To do: Copy down every line of the data that follows exactly. Omit the pictures.

━━━━━ Source data

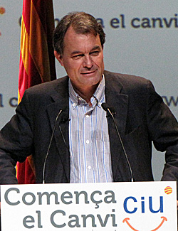 Artur Mas, en un atril con el lema de la campaña de CiU 'Empieza el cambio'.
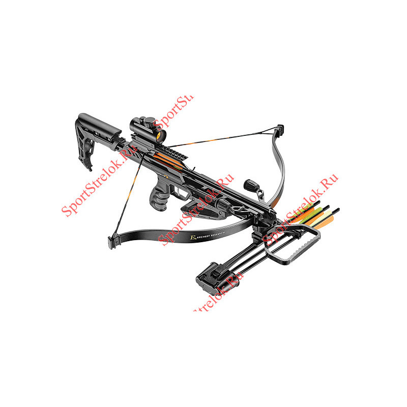 Комплектация: Коллиматорный прицел, парные виброгасители тетивы, стрингер, кивер на 3 стрелы, натяжитель, 3 алюминиевые стрелы 16".
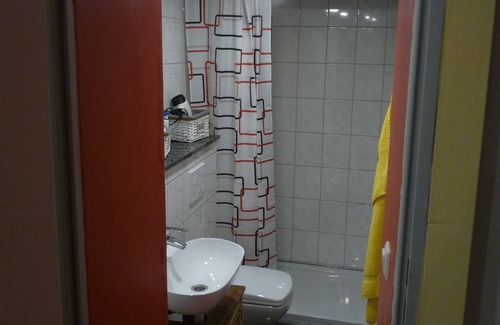 There you have a complete fitted kitchen with dishwasher, also a bathroom with shower.
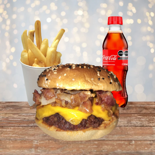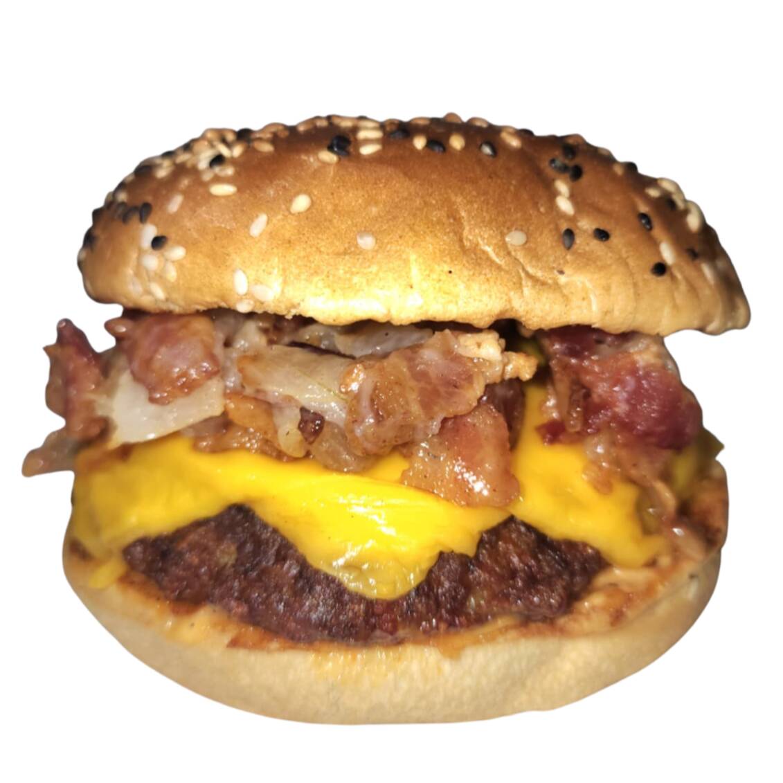Carne jugosa, doble queso americano, aderezo Don Rico y cebolla caramelizada con tocino.

━━━━━━━━━━

Task result:
 Artur Mas, en un atril con el lema de la campaña de CiU 'Empieza el cambio'.
 Комплектация: Коллиматорный прицел, парные виброгасители тетивы, стрингер, кивер на 3 стрелы, натяжитель, 3 алюминиевые стрелы 16".
 There you have a complete fitted kitchen with dishwasher, also a bathroom with shower.
Carne jugosa, doble queso americano, aderezo Don Rico y cebolla caramelizada con tocino.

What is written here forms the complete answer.